Problem: Below is a listing; retype exactly the lines between the one containing "为两位荣休教师精心制作的电子" and the one containing "В режиме 120", inclusive, minus the pictures.

Supplied records:
BEGIN

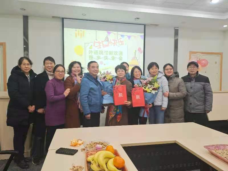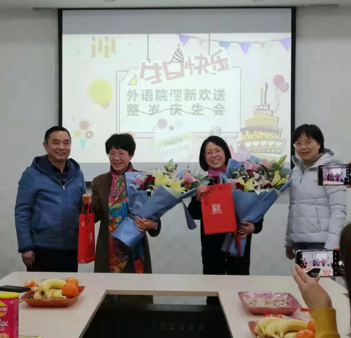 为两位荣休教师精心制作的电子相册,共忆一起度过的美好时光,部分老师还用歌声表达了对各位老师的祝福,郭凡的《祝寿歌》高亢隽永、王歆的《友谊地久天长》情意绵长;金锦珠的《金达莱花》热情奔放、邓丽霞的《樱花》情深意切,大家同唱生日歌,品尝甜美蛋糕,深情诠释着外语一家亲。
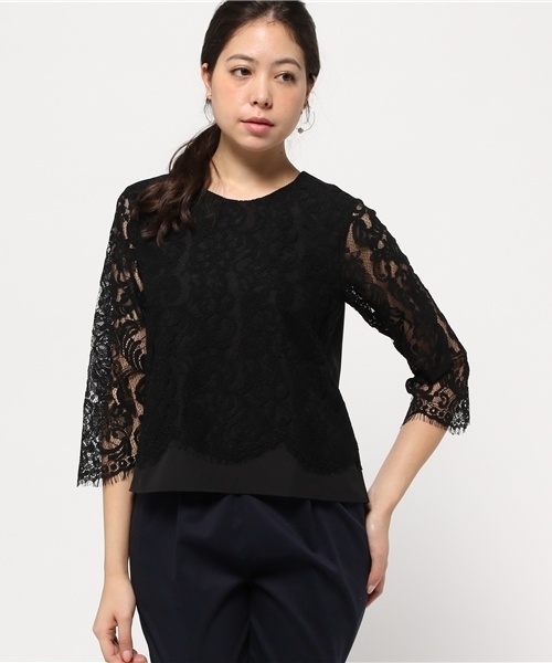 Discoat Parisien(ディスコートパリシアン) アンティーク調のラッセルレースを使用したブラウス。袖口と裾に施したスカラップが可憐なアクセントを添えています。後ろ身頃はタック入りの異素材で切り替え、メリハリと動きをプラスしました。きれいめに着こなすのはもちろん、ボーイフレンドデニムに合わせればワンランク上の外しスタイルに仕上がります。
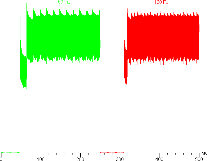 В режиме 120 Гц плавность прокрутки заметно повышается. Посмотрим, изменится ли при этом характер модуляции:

END
BEGIN

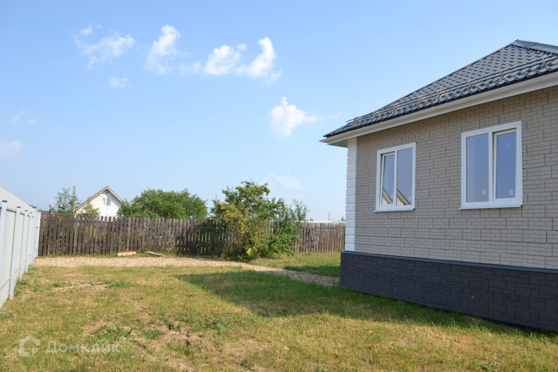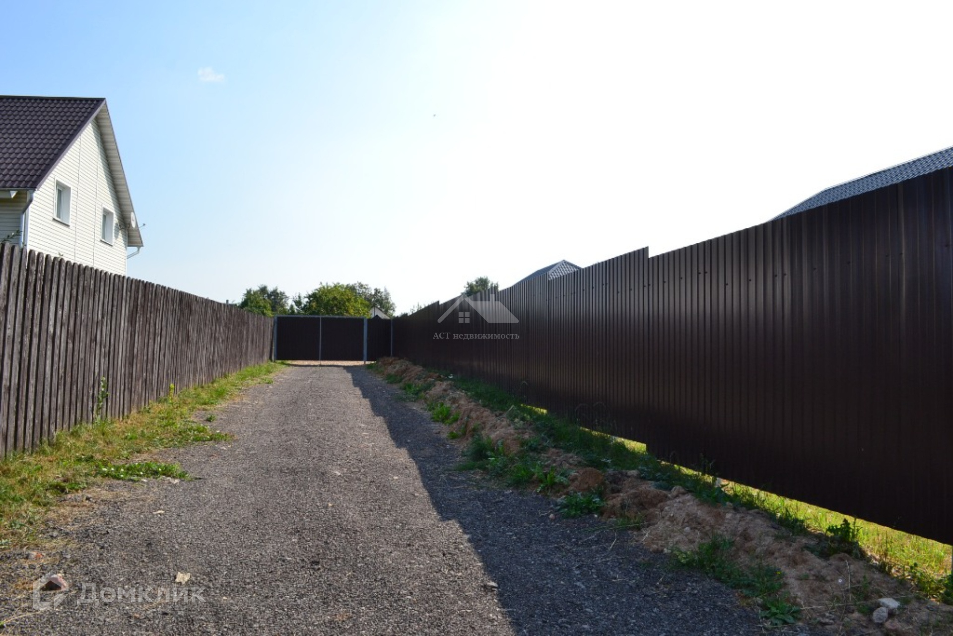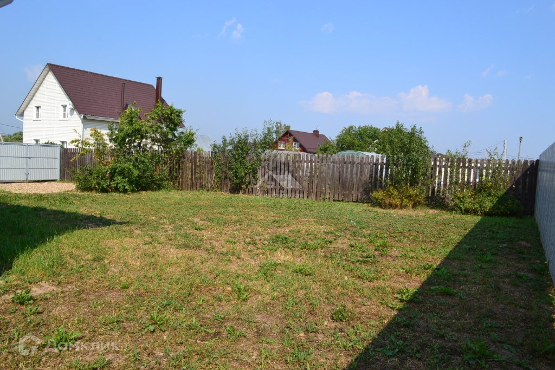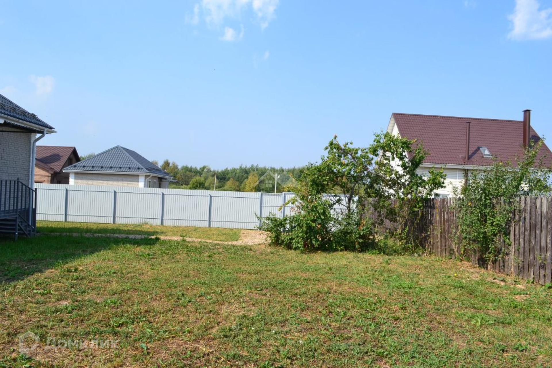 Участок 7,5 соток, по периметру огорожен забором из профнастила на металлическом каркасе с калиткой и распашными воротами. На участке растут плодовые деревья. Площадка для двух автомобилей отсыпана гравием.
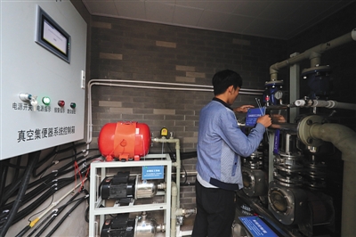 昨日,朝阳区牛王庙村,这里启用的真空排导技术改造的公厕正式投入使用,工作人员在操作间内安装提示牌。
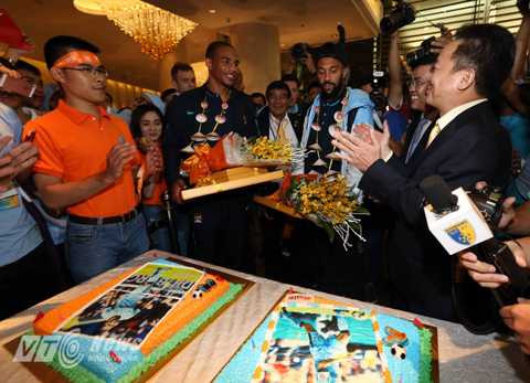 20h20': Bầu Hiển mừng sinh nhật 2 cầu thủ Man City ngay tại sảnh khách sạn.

END
BEGIN

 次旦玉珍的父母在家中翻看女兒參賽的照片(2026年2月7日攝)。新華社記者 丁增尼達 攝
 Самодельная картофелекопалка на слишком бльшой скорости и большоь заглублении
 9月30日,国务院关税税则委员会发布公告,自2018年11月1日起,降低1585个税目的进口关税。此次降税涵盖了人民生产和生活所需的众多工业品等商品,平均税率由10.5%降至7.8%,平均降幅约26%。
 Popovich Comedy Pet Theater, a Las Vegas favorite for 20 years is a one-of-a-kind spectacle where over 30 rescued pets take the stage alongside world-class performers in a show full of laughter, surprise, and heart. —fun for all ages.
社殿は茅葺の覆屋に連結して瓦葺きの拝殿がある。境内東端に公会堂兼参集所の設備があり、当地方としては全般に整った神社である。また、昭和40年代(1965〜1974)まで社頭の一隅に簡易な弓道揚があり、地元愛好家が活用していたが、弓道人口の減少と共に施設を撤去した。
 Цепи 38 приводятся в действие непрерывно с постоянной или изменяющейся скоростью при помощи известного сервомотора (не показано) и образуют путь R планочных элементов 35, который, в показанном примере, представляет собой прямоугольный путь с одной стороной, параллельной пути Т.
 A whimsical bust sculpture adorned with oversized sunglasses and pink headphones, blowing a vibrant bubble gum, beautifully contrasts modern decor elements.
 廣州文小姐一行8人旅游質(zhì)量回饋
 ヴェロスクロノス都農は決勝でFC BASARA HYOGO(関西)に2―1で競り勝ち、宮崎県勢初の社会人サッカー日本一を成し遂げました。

END

Your response:
 为两位荣休教师精心制作的电子相册,共忆一起度过的美好时光,部分老师还用歌声表达了对各位老师的祝福,郭凡的《祝寿歌》高亢隽永、王歆的《友谊地久天长》情意绵长;金锦珠的《金达莱花》热情奔放、邓丽霞的《樱花》情深意切,大家同唱生日歌,品尝甜美蛋糕,深情诠释着外语一家亲。
 Discoat Parisien(ディスコートパリシアン) アンティーク調のラッセルレースを使用したブラウス。袖口と裾に施したスカラップが可憐なアクセントを添えています。後ろ身頃はタック入りの異素材で切り替え、メリハリと動きをプラスしました。きれいめに着こなすのはもちろん、ボーイフレンドデニムに合わせればワンランク上の外しスタイルに仕上がります。
 В режиме 120 Гц плавность прокрутки заметно повышается. Посмотрим, изменится ли при этом характер модуляции:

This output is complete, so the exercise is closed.